‘Our House Is Truly on Fire’: Earth Now Has 50% Chance of Hitting 1.5°C of Warming by 2026

“The 1.5°C figure is not some random statistic,” said the head of the World Meteorological Organization. “It is rather an indicator of the point at which climate impacts will become increasingly harmful for people and indeed the entire planet.”

A home burns as flames from the Dixie Fire tear through the Indian Falls neighborhood of unincorporated Plumas County, California on July 24, 2021. (Photo: Josh Edelson/AFP via Getty Images)

JAKE JOHNSONMay 10, 2022 published https://www.commondreams.org/

The World Meteorological Organization warned Monday that the planet now faces a 50% chance of temporarily hitting 1.5°C of warming above pre-industrial levels over the next five years, another signal that political leaders—particularly those of the rich nations most responsible for carbon emissions—are failing to rein in fossil fuel use.

“For as long as we continue to emit greenhouse gases, temperatures will continue to rise.”

In 2015, by comparison, the likelihood of briefly reaching or exceeding 1.5°C of global warming over the ensuing five-year period was estimated to be “close to zero,” the WMO noted in a new climate update. The report was published amid a deadly heatwave on the Indian subcontinent that scientists say is a glimpse of what’s to come if runaway carbon emissions aren’t halted. Thus far, the heatwave has killed dozens in India and Pakistan.

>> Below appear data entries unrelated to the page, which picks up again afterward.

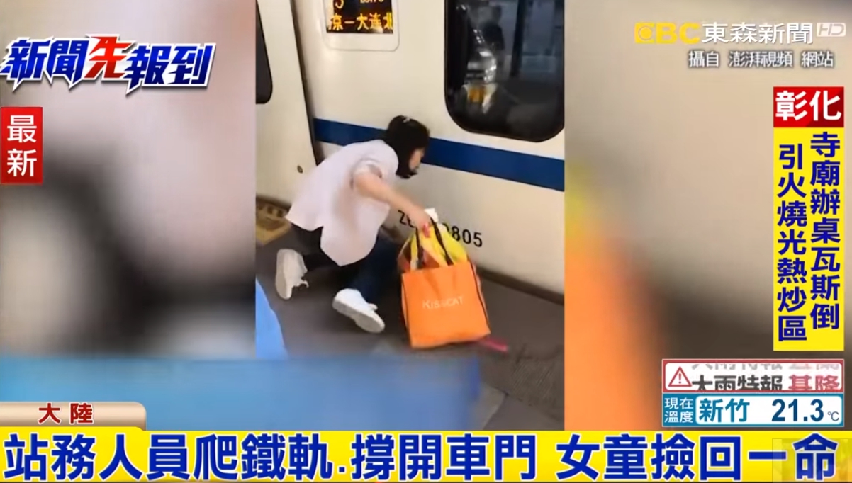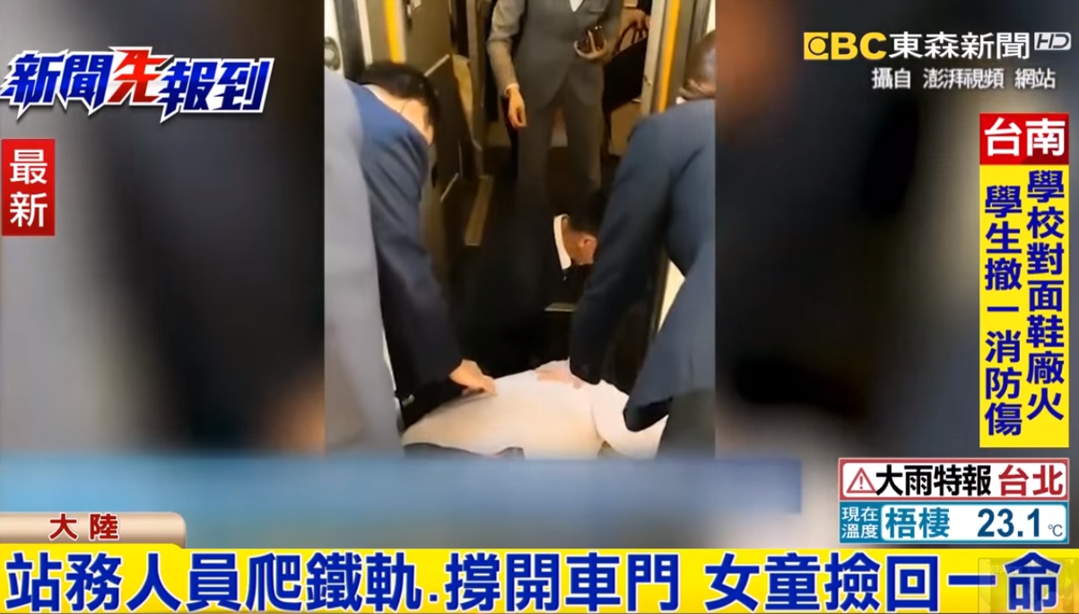 最後由車站工作人員,從另一側鐵軌,爬進火車底下,三四名工作人員,一起將列車門撐開,才順利將小女孩救起,所幸只有頭部稍微腫脹,並無大礙。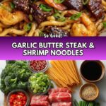 A delicious and flavorful Garlic Butter Steak and Shrimp Stir-Fried Noodles recipe combining tender sirloin steak, succulent shrimp, and fresh vegetables tossed in a savory Asian-inspired garlic butter sauce. Perfect for a hearty main course that’s ready in just 35 minutes.
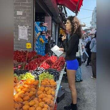 סאן מזרחי בשוק, ליד הפירות והירקות
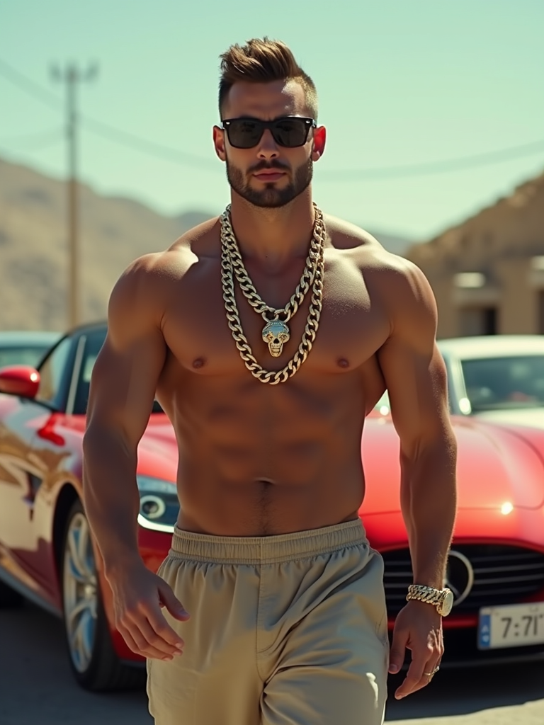 super muscular model wearing gold chains and sunglasses walking past luxury cars in slow motion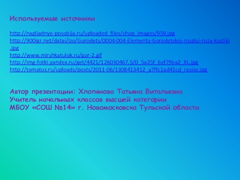 Используемые источникиhttp://nagljadnye-posobija.ru/uploaded_files/shop_images/959.jpghttp://900igr.net/datai/izo/Gorodets/0004-004-Elementy-Gorodetskoj-rospisi-roza-kustiki.jpghttp://www.mirshkatulok.ru/gor-2.gifhttp://img-fotki.yandex.ru/get/4421/126030467.5/0_5a25f_6ef79ba2_XL.jpghttp://tomatoz.ru/uploads/posts/2011-06/1308413412_a7ffc1ad41cd_resize.jpgАвтор презентации: Хлопянова Татьяна ВитальевнаУчитель начальных классов высшей категорииМБОУ «СОШ №14» г. Новомосковска Тульской области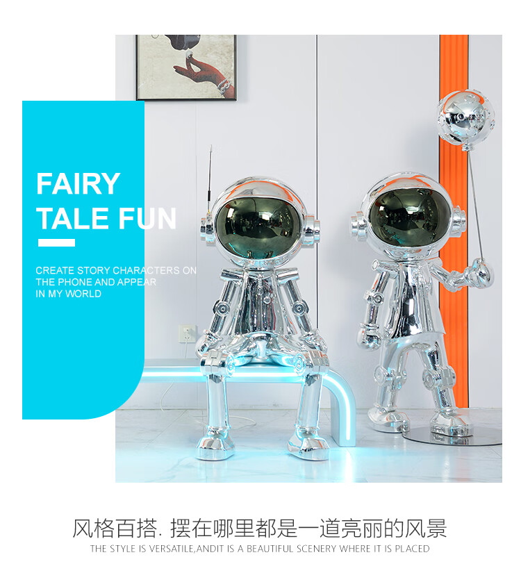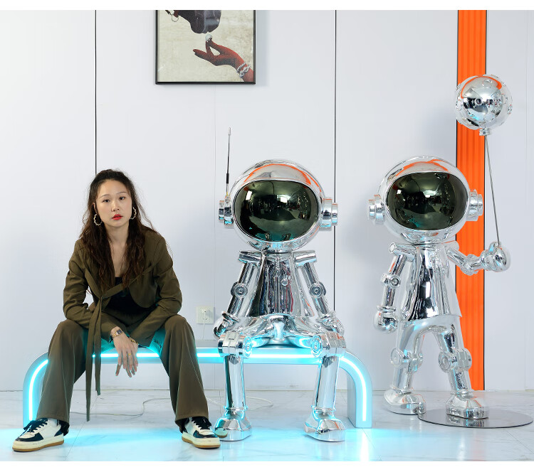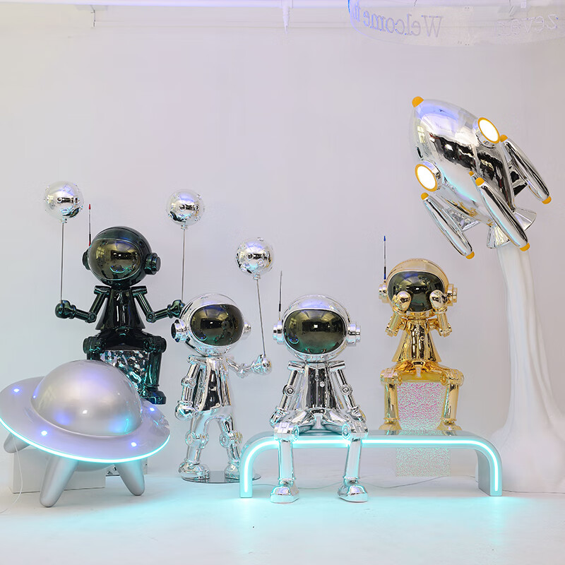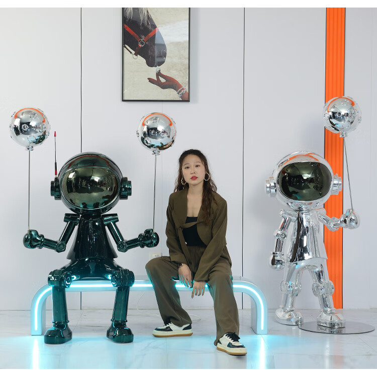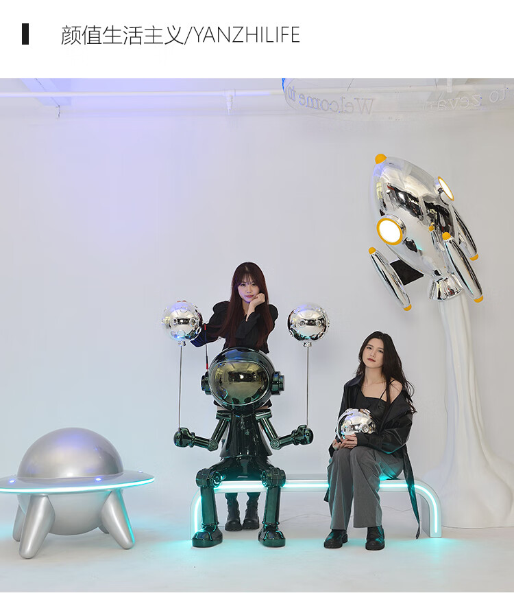 Luminous robot model large ornaments space rabbit sculpture living room bar ktv flying saucer door decoration MC-robot height 2.19 meters fixed jin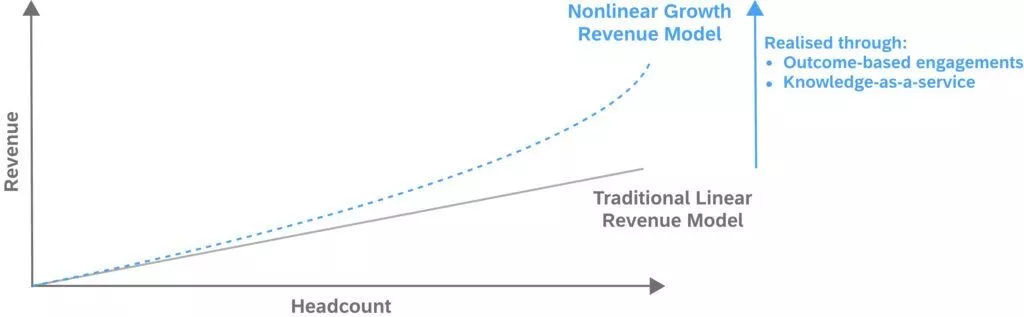 Le aziende vogliono acquisire conoscenze, distribuirle digitalmente in un modo che integri i loro servizi professionali e addebitare ai clienti in base al loro utilizzo o addirittura ai risultati aziendali. Queste soluzioni possono combinare software, intelligenza artificiale, dati, analisi, hosting, supporto e servizi di consulenza tradizionali.
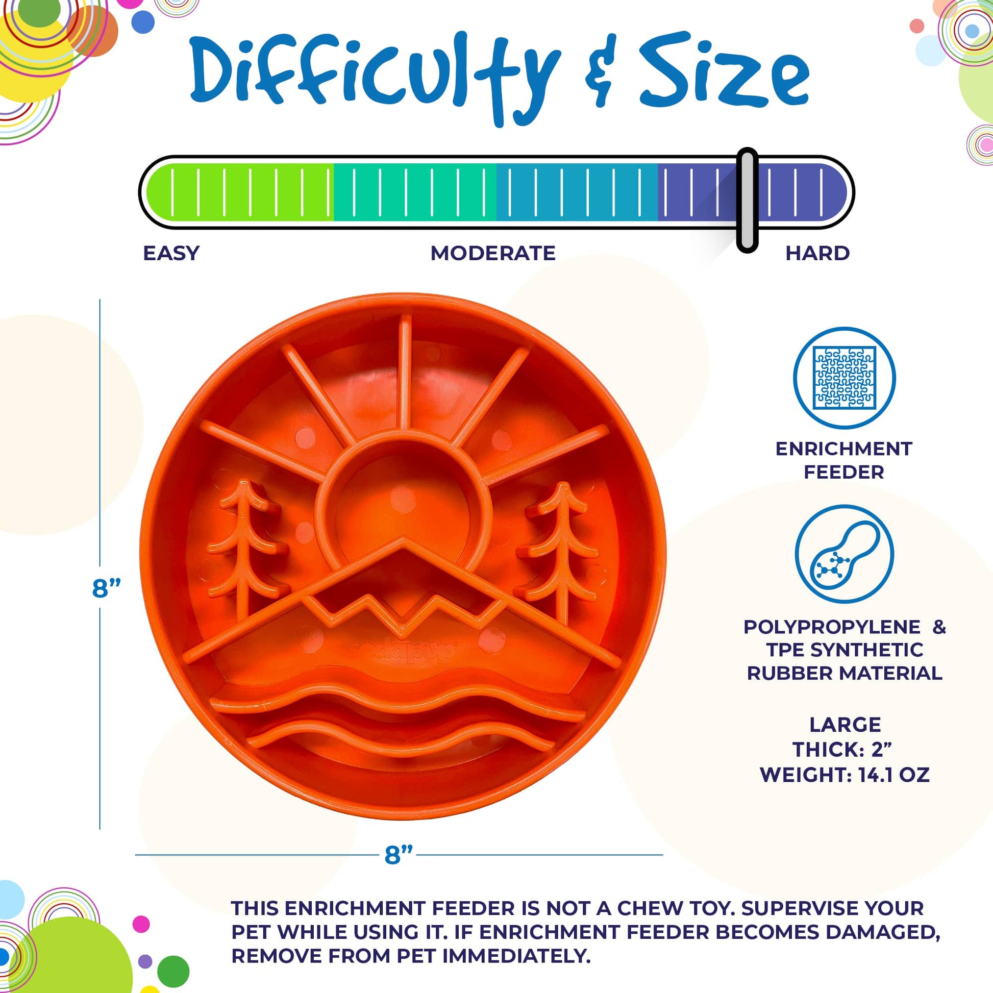 The SodaPup Great Outdoors Design eBowl is an enrichment slow feeder dog bowl designed to transform mealtime into an engaging adventure. Made from premium FDA-compliant materials in the USA, this innovative feeding bowl features a beautiful outdoor-inspired pattern with mountains, sun, and nature elements with raised ridges that slow eating, improve digestion, and provide mental stimulation for dogs of all sizes and breeds.
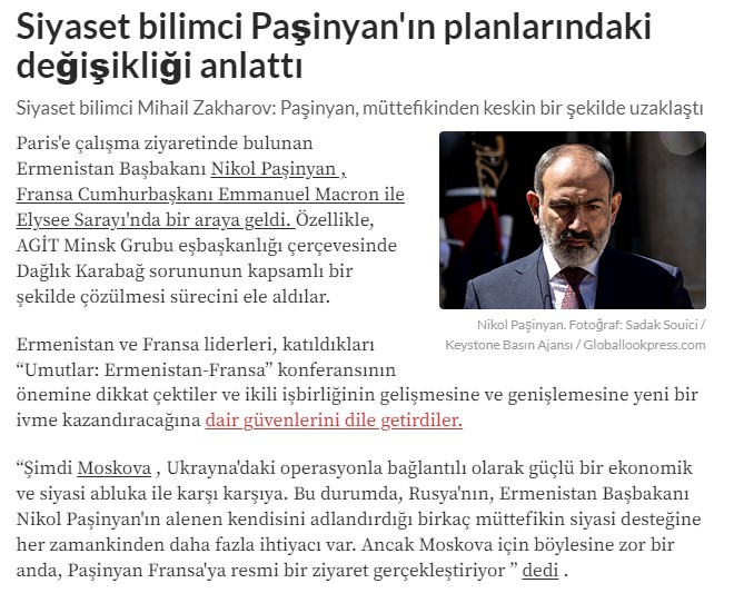 "Paşinyan'ın şu anki Paris ziyareti henüz bir ihanet değil, ama bunun için şimdiden bir hazırlık. Rusya lideri ve siyasileri, Paşinyan'ın esasen Rusya'nın düşmanı olduğunun çok iyi farkında. Nüfusun çoğunluğunun görüşleri göz önüne alındığında, Ermenistan'ın jeopolitik önemi nedeniyle, Paşinyan Rusya ile dostane ilişkiler kurmak zorunda kalıyor, ancak bunu yapmak zorunda olduğu için yapıyor ama aynı zamanda Batı'ya da göz kırpıyor, oraya nasıl gideceğini düşünüyor, Ermeni toplumunu da yanına almak istiyor."( Kaynak)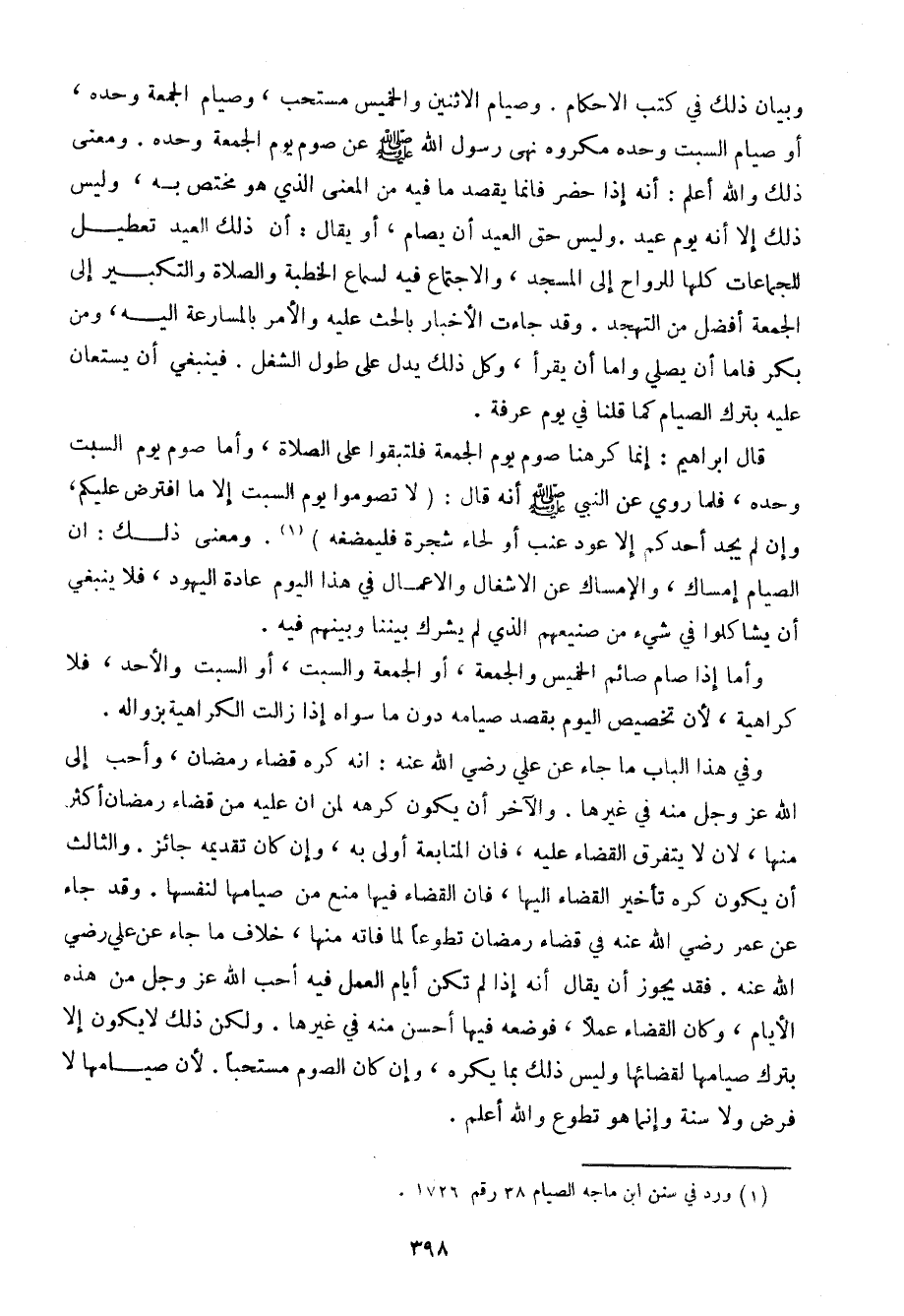 وبيان ذلك في كتب الأحكام. وصيام الاثنين والخميس مستحب، وصيام الجمعة وحده، أو صيام السبت وحده مكروه نهى رسول الله صلى الله عليه وسلم عن صوم يوم الجمعة وحده. لا ومعنى ذلك والله أعلم: أنه إذا حضر فإنما يقصد ما فيه من المعنى الذي هو مختص به، وليس ذلك إلا أنه يوم عيد. وليس حق العيد أن يصام، أو يقال: أن ذلك العيد تعطيل للجماعات كلها للرواح إلى المسجد، والاجتماع فيه لسماع الخطبة والصلاة والتكبير إلى الجمعة أفضل من التهجد. وقد جاءت الأخبار بالحث عليه والأمر بالمسارعة إليه، ومن بكر فإما أن يصلي وأما أن يقرأ، وكل ذلك يدل على طول الشغل. فينبغي أن يستعان عليه بترك الصيام كما قلنا في يوم عرفة.

Signatories to the Paris climate accord have agreed to act to limit the global average temperature increase to well below 2°C—preferably to 1.5°C—by the end of the century. Climate advocates have deemed the 1.5°C target “on life support” following world leaders’ refusal to commit to more ambitious action at the COP26 summit in Glasgow late last year.

“We are getting measurably closer to temporarily reaching the lower target of the Paris Agreement,” Petteri Taalas, the secretary-general of the WMO, said in a statement Monday. “The 1.5°C figure is not some random statistic. It is rather an indicator of the point at which climate impacts will become increasingly harmful for people and indeed the entire planet.”

“For as long as we continue to emit greenhouse gases, temperatures will continue to rise,” Taalas added. “And alongside that, our oceans will continue to become warmer and more acidic, sea ice and glaciers will continue to melt, sea level will continue to rise and, our weather will become more extreme. Arctic warming is disproportionately high and what happens in the Arctic affects all of us.”

Dr. Leon Hermanson, a climate expert at the U.K. Met Office who led the WMO report, stressed that a short-lived breach of the 1.5°C threshold would not mean that the world is guaranteed to fall short of the Paris accord’s most ambitious warming target, which climate experts and campaigners have long decried as inadequate.

Such a breach, however, would “reveal that we are edging ever closer to a situation where 1.5°C could be exceeded for an extended period,” said Hermanson.

The WMO’s latest research also estimates that there is a 93% chance that at least one year between 2022 and 2026 will be the warmest on record. Currently, 2016 and 2020 are tied for the top spot.

Even if global warming is limited to 1.5°C by 2100, countless people across the globe will still face devastating heatwaves, droughts, and other extreme weather, with the poor facing the worst consequences.

Meanwhile, key ecosystems could be damaged beyond repair in a 1.5°C hotter world. One recent study found that 99% of the world’s coral reefs would experience heatwaves that are “too frequent for them to recover” if the planet gets 1.5°C warmer compared to pre-industrial levels.

Scientists behind the latest Intergovernmental Panel on Climate Change (IPCC) report cautioned last month that if there’s to be any hope of keeping warming to 1.5°C or below by 2100, “it’s now or never.”

“Without immediate and deep emissions reductions across all sectors, it will be impossible,” said Jim Skea, co-chair of IPCC Working Group III.